The program has been revamped on the Long Beach Peninsula in the last year and now leaders are seeking to broaden its scope while introducing new signs.

But the main priority is seeking people to sign up and learn about the program.

“It’s neighbors helping neighbors,” said Rebecca Schabel of Long Beach, one of a trio of supporters promoting the concept at a recent safety fair in Long Beach.

Pam Graham, of Ocean Park, said its approach is simple. “People watch for crimes and tell the sheriff, especially in the areas where there is more criminal activity,” she said.

People who sign up to be a part of the watch program receive tips on how best to spot potentially suspicious or criminal activity, and learn what to report to the Pacific County Sheriff’s Office or Long Beach Police Department.

Jay Graham joins his wife Pam in supporting the program.

“A large problem here in Ocean Park is the fact that a good 50 percent of the population are part-timers who come here in the summer, or Spring Break, then we don’t see them for the rest of the year,” he said. “We try to look at their property.”

The concept has existed in Pacific County for years, but was boosted last year when then-Sheriff Scott Johnson appointed Howard Chang as volunteer program coordinator. His work continues under the new sheriff, Robin Souvenir.

Chang moved to the Peninsula about five years ago from the Seattle area after a career in information technology with a burgeoning interest in security.

That aspect — helping others learn ways to make their homes more secure — has become a key element of Community Watch/Neighborhood Watch efforts in the past year.

People who sign up for membership, which is free, receive information on crime trends and security advice, plus tips on how to help. They also are invited to members-only meetings at which key concerns are addressed.

As summed up on the program’s link on the sheriff’s office website, “the focus is on observation and awareness, while avoiding putting yourself at risk.”

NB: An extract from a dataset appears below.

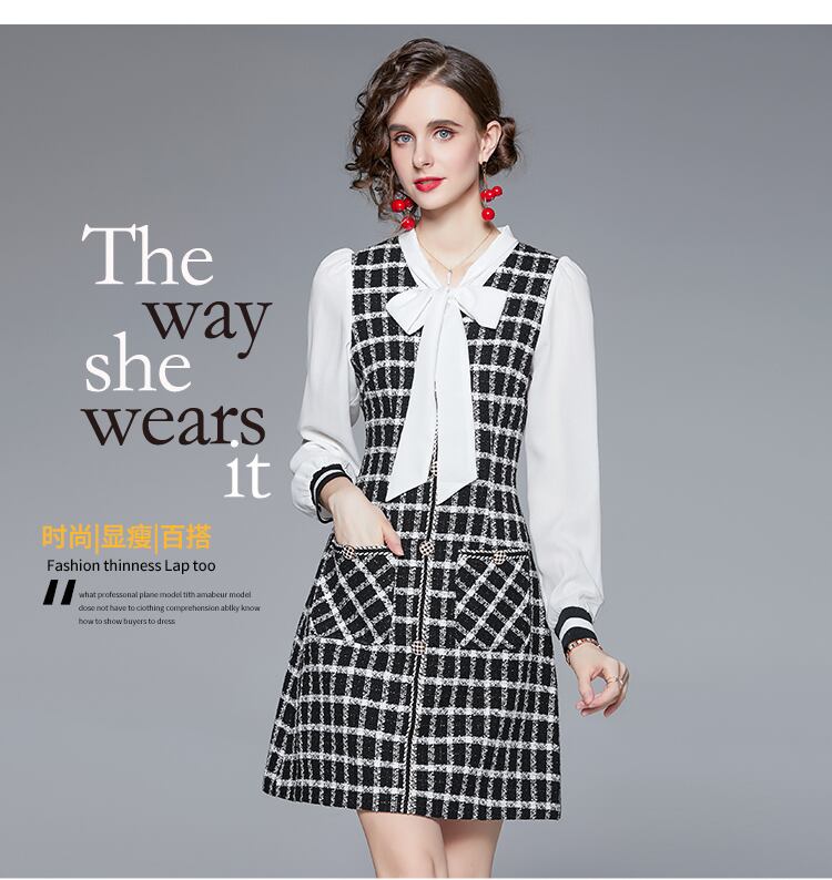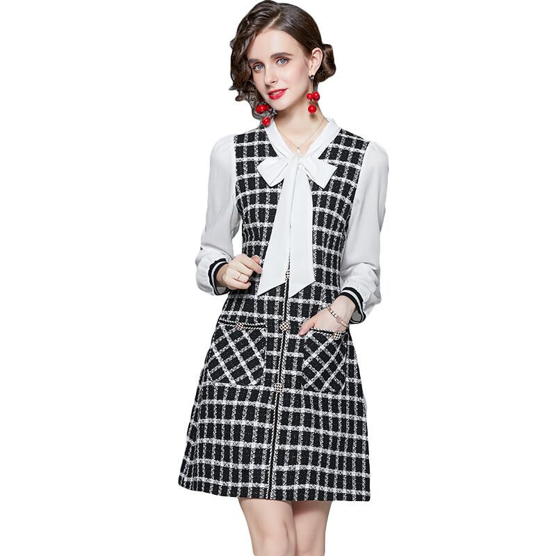 ディスカウントストアモールカウンター撤退婦人服テールグッズクリアランスXiaoxiangfengフェイクツーピーススプライシングチェック柄スカート missry54191592379 | guttiy

Chang said volunteers learn observation skills to become the “eyes and ears of law enforcement,” while getting to know their neighbors better.

That often means they are able to recognize someone who does not belong in an area.

About 200 people have signed up; the majority so far are in Ocean Park, whose residents have expressed considerable concerns about drug-related crimes and illegal dumping around their neighborhoods.

Jay Graham said help is always needed in Ocean Park.

“The plan is to expand efforts as much as possible, getting individual members in out-of-the-way neighborhoods — that’s where we lack coverage,” he said.

While encouraging broader active involvement in the northern part of the Peninsula, the intent of the group’s leaders is to spur awareness and interest throughout the southern communities, including Ilwaco and Chinook.

“There is no minimum requirement to join and you don’t have to come to meetings,” Chang said. “You get out of it what you put into it.”

Watch signs are designed to be a deterrent to thieves. The old format had a familiar blue background with an eye logo. New ones being distributed have been funded by Rotarians.

“Watch members are grateful to the Rotary Club of Southwest Peninsula County Peninsula for their generous donation to our signage,” Chang said.

He said a goal is to address other issues, too.

“The program will eventually broaden beyond crime prevention to include other programs important to the community, such as emergency planning,” he said.